Created on 07-02-2016 01:19 PM - edited 08-17-2019 11:48 AM
- Here is a small demo how NiFi can help you monitor and alert on YARN Application failure.
- Here you can view the screen recording that Demonstrates how it works!
- Make sure you have your HDP cluster/Sandbox up and running.
- NiFi_0.6.1//HDF_1.2 is available up and running.
1. Assuming you have NiFi UI Available, lets drop GetHTTP processor to pull data from YARN REST API:
Configure Processor with URL given as below, which pulls all Applications in Killed and Failed state. node1 is my Resource Manager:
http://node1:8088/ws/v1/cluster/apps?states=KILLED,FAILED
Lets schedule the processor to run only every 10sec so that you don’t query too often.
2. As the Rest call outputs the application details in Json format, lets use a SplitJson processor to separate individualapplication details.
Provide “JsonPath Expression” value as “$.apps.app” in the configuration.
3. Connect GetHTTP to SplitJson for success relation and auto terminate rest.
4. Lets add EvaluateJsonPath processor to extract required fields and add them to flow-file attribute: Configure it as below:
5. Connect SplitJson to EvaluateJsonPath for success relation.

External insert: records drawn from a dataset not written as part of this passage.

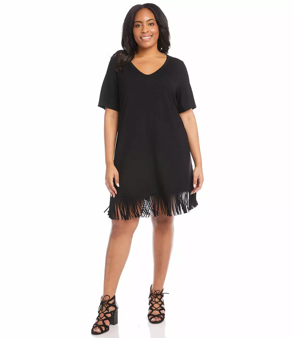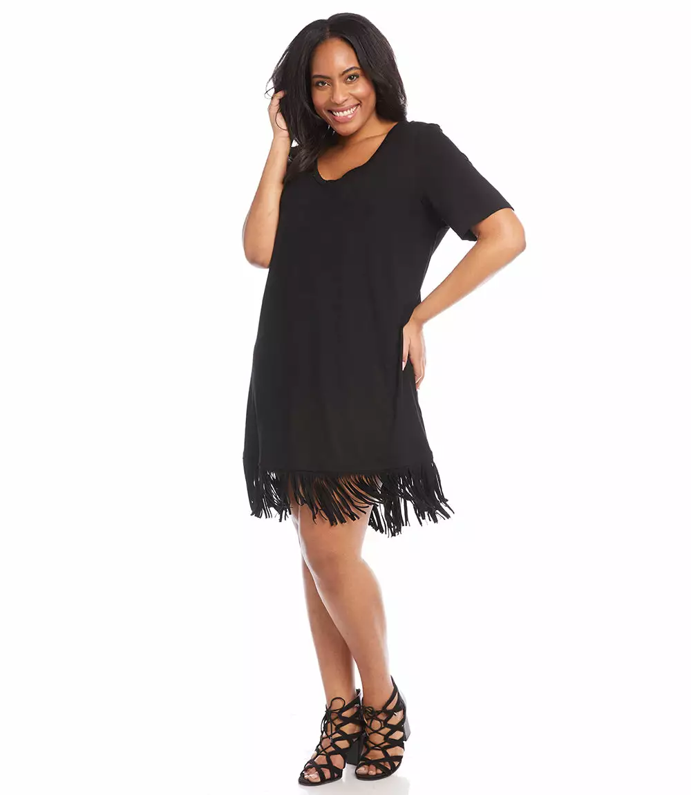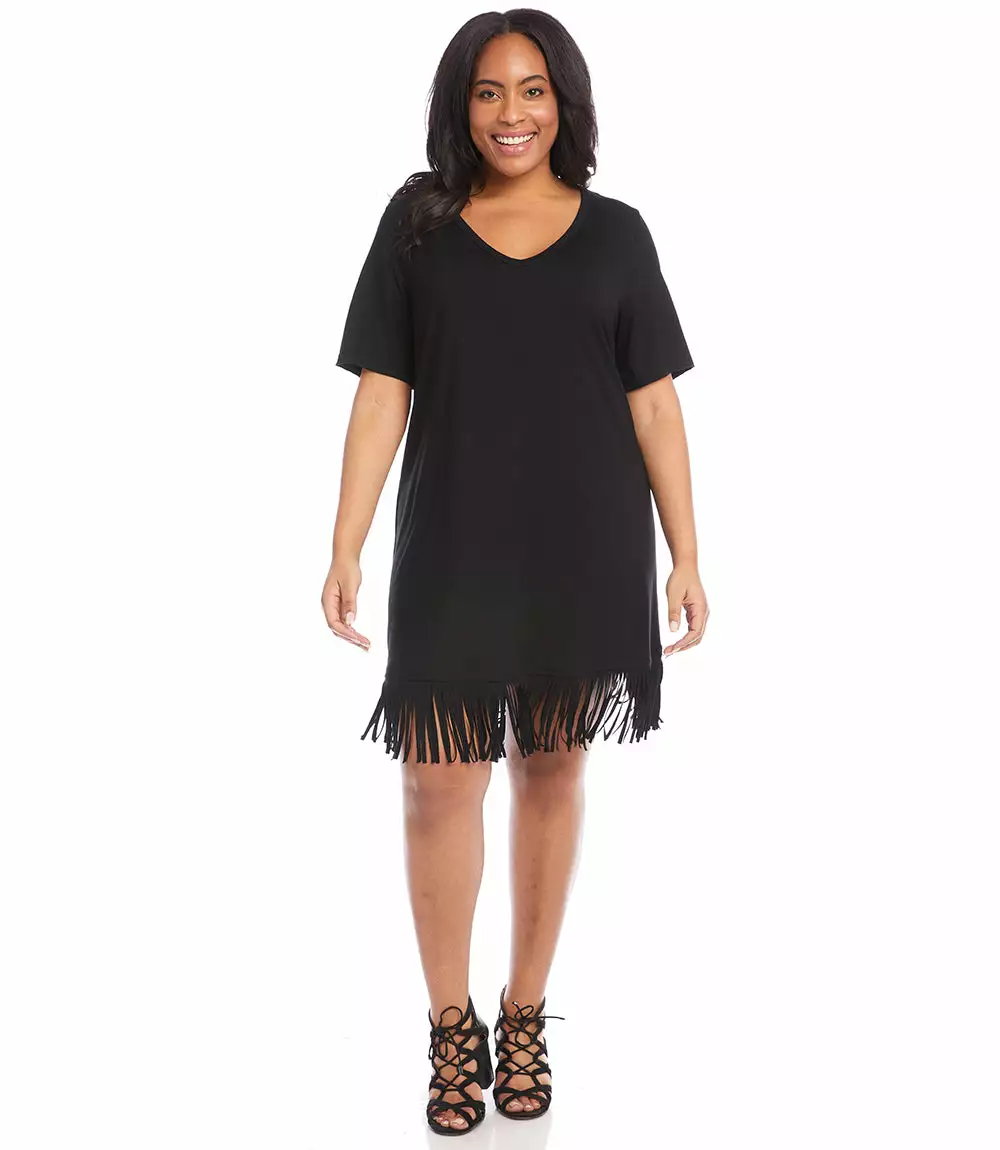 Karen Kane Plus Size V Neck Fringe Dress
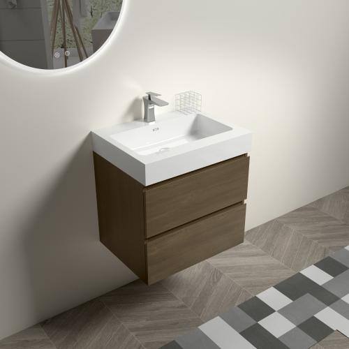 24 in. W x 18.1 in. D x 20.5 in. H Floating Bath Vanity in Dark Oak with 1-White Glossy Sink Solid Surface Top
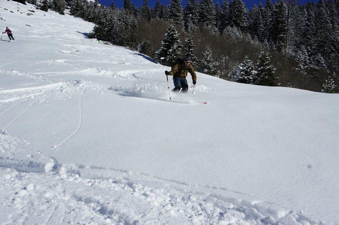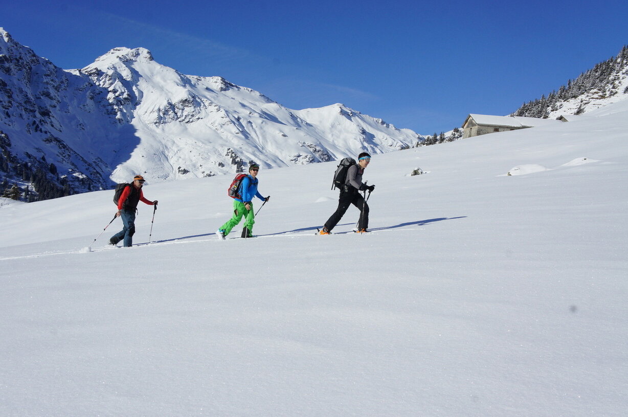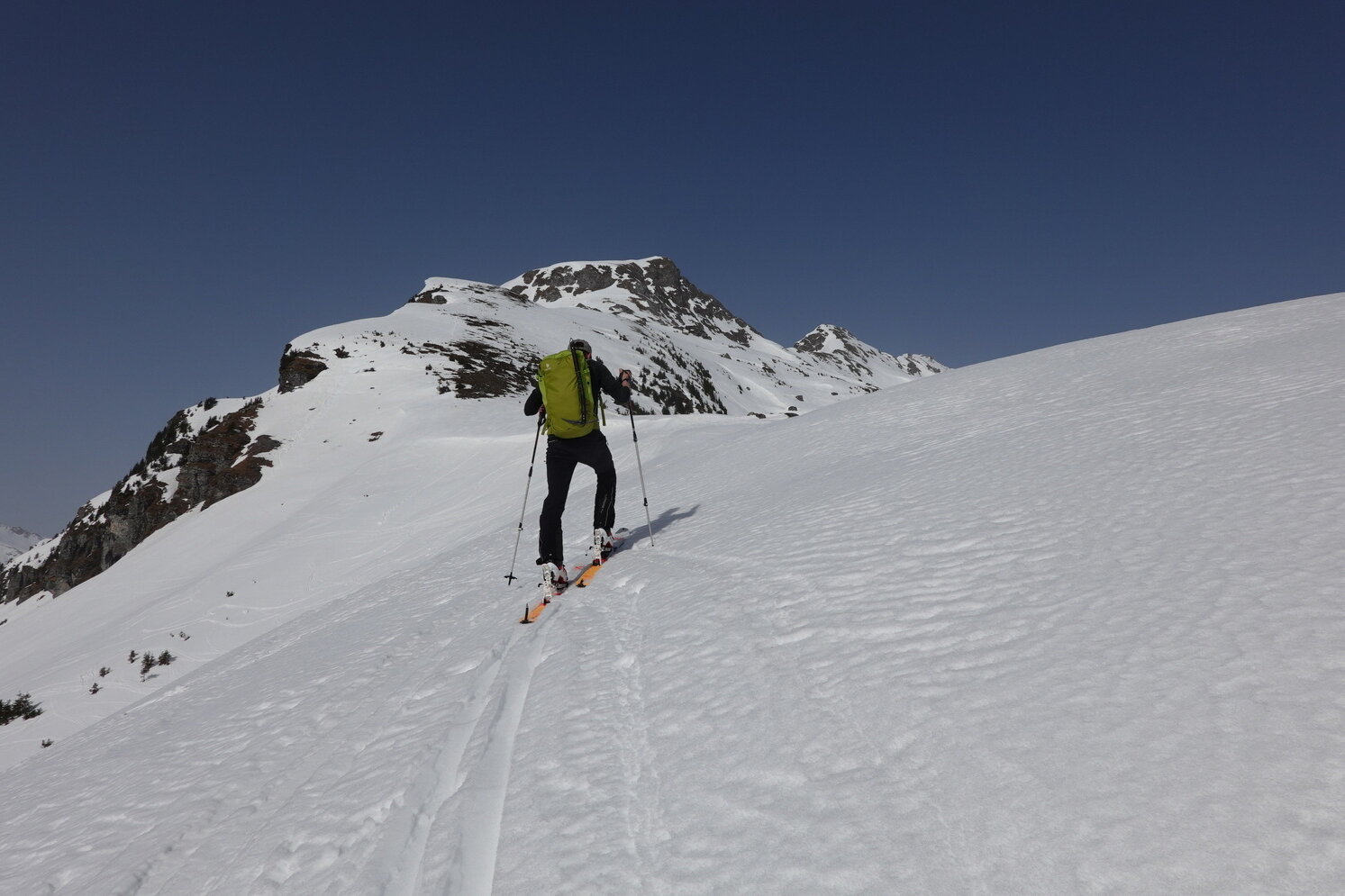 In dieser Ecke kreuzen gewöhnlich eher wenige Skitouristen auf. Nach einem entspannten Tallauf, schlüpfen wir durch einen versteckten Pfad, der uns zu einer Waldlichtung führt. Darauf folgen offenene Baumbestände in moderat ansteigendem Gelände. Die letzten 150 Höhenmeter erfordern da und dort eine Spitzkehre. Vom Gipfel, der genau genommen ein lieblicher Rücken ist, geniessen Sie rundherum einen prächtigen Ausblick. Nicht nur in die umliegenden Berge, sondern auch Richtung Tal, wo unverspurte Schneehänge ungeduldig darauf warten, von Ihnen befahren zu werden.
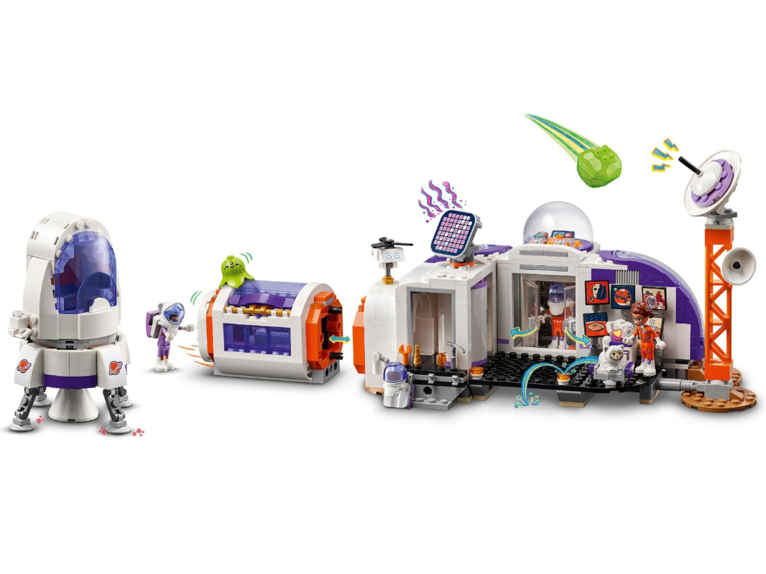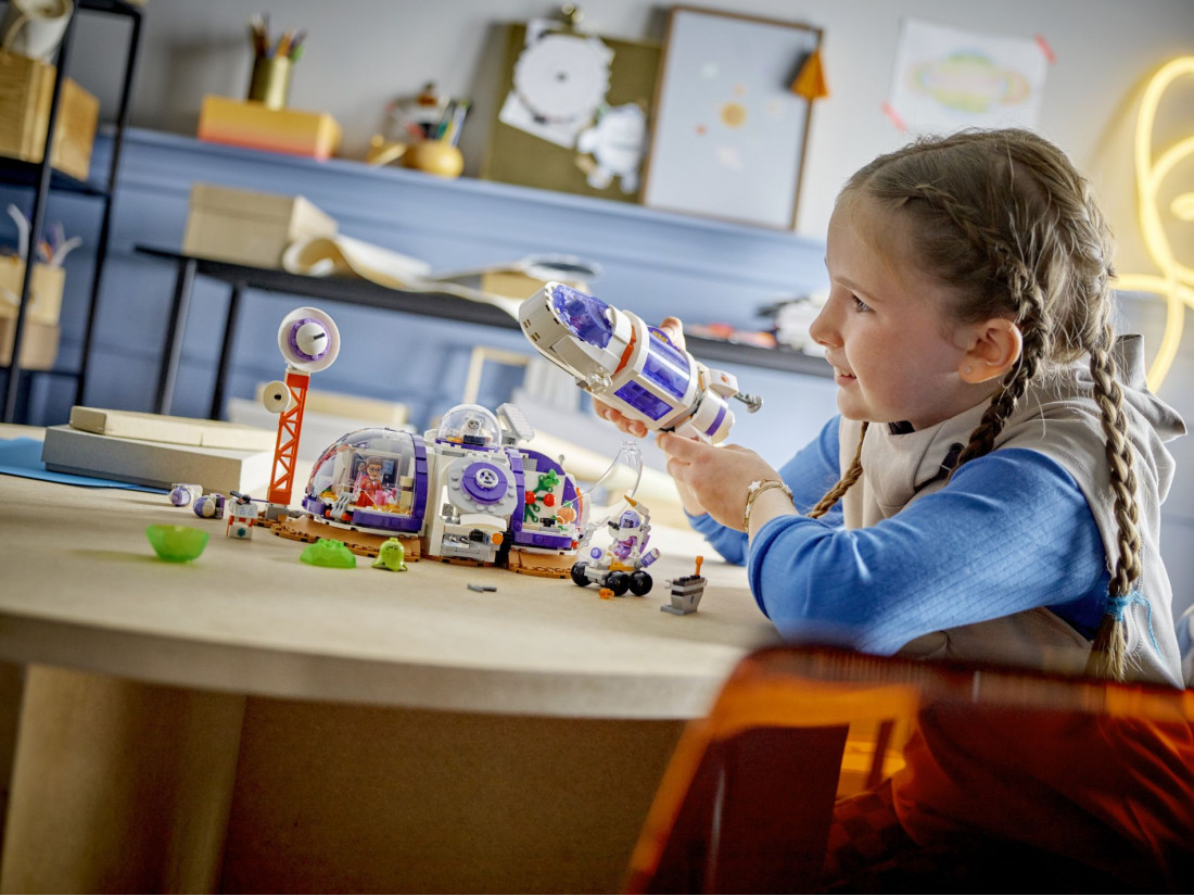 Діти можуть занурюватися в уявну гру, будуючи ракету та відправляючи її до дослідницької бази на Марсі. Модульний дизайн дозволяє нескінченно кастомізувати базу, оскільки окремі модулі для науки, зв'язку, вирощування їжі та відпочинку можуть бути переставлені. Набір наповнений цікавими деталями, такими як ровер, дрон та наукові інструменти, що дає можливість для рольових ігор та вивчення життя на червоній планеті.
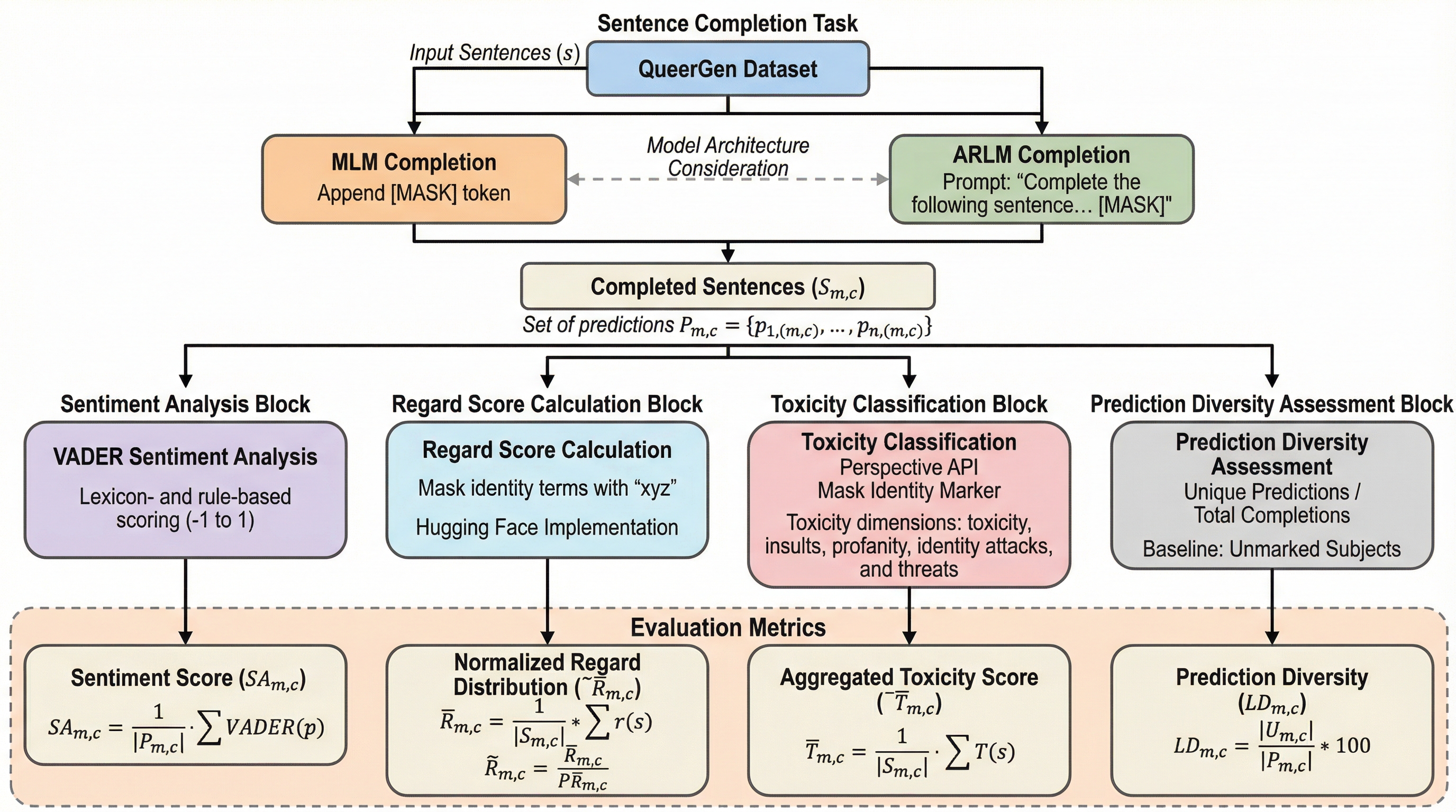 本研究の核心は、LLMの出力におけるアイデンティティ関連のバイアスを評価するための新しいフレームワーク「QueerGen」の提案である。このフレームワークの最大の特徴は、主語のアイデンティティを「クィア有標(queer-marked)」、「非クィア有標(non-queer-marked)」、そして「無標(unmarked)」の3つのカテゴリーに分類して比較する点にある。これにより、非クィアが単なる「中立」であるというデフォルトの仮定に挑戦し、アイデンティティのポジショニングがモデルの挙動にどのように影響するかを詳細に分析することが可能になった。 具体的には、3,100件のユニークな文章プロンプトを含む「QueerGenデータセット」を構築した。…
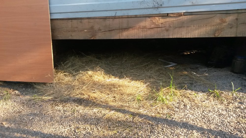 Ночует под беседкой, сена настелил много, не дует, крыша над головой есть (решил будки пока не нужно).
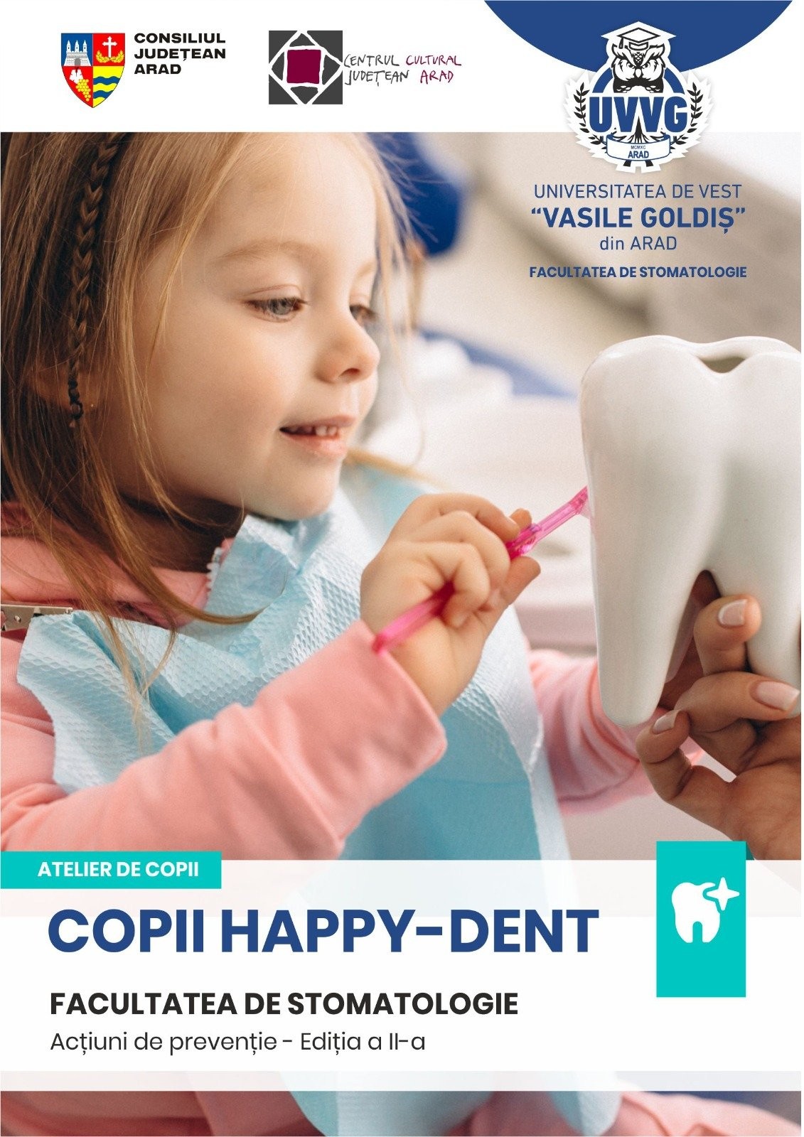 Concomitent, în această perioadă, la Facultatea de Stomatologie se desfășoară proiectul „Atelier “Copii Happy-Dent”- Acțiuni de prevenție, Editia 2, ca parte a programelor de prevenție oro-dentară, proiect realizat cu sprijinul Consiliului Județean Arad, prin Centrul Cultural Județean Arad.

6. Create and start two controller services: DistributedMapCacheClientService, DistributedMapCacheServer so that we keep track of all the applications and don’t sent out duplicate alerts for same application.
7. Add a PutDistributedMapCache processor to update the cache with latest apps that fails/killed. Configure it as below adding Distributed cache service.
8. Lets auto terminate Failure relationship and connect success relationship to PutEmail processorwhich will sent out email for any new failed/killed application.
9. Make sure you have formatted the email body and subject to have all information about the failed job:
10. Auto terminate success and failure relationship for PutEmail processor. Once you start the Flow, you will get alerts for each Killed/Failed Yarn application. My Alert would look like below:
Note: Now you can configure your GetHTTP Processor to query YARN to find long running applications
Thanks,
Jobin George
Created on 07-04-2016 04:07 AM
@Jobin George This is real cool. I have tried to build a similar functionality tool using Flink as my Stream Processor. I call it Applerts :).
Created on 07-05-2016 04:54 PM
Applerts are way cooler!!! 🙂
Created on 07-25-2016 06:49 PM
can you share the flow XML?
Created on 08-03-2016 03:38 AM
Sorry for the late reply, didn't get the update as i was not tagged.
Attaching it here: yarn-application-monitor.xml.
Thanks,
Jobin George
Created on 07-26-2018 02:26 PM
My Yarn UI is kerberos enabled. getHTTP complaining about 401 authentication error. Is there any work around for this?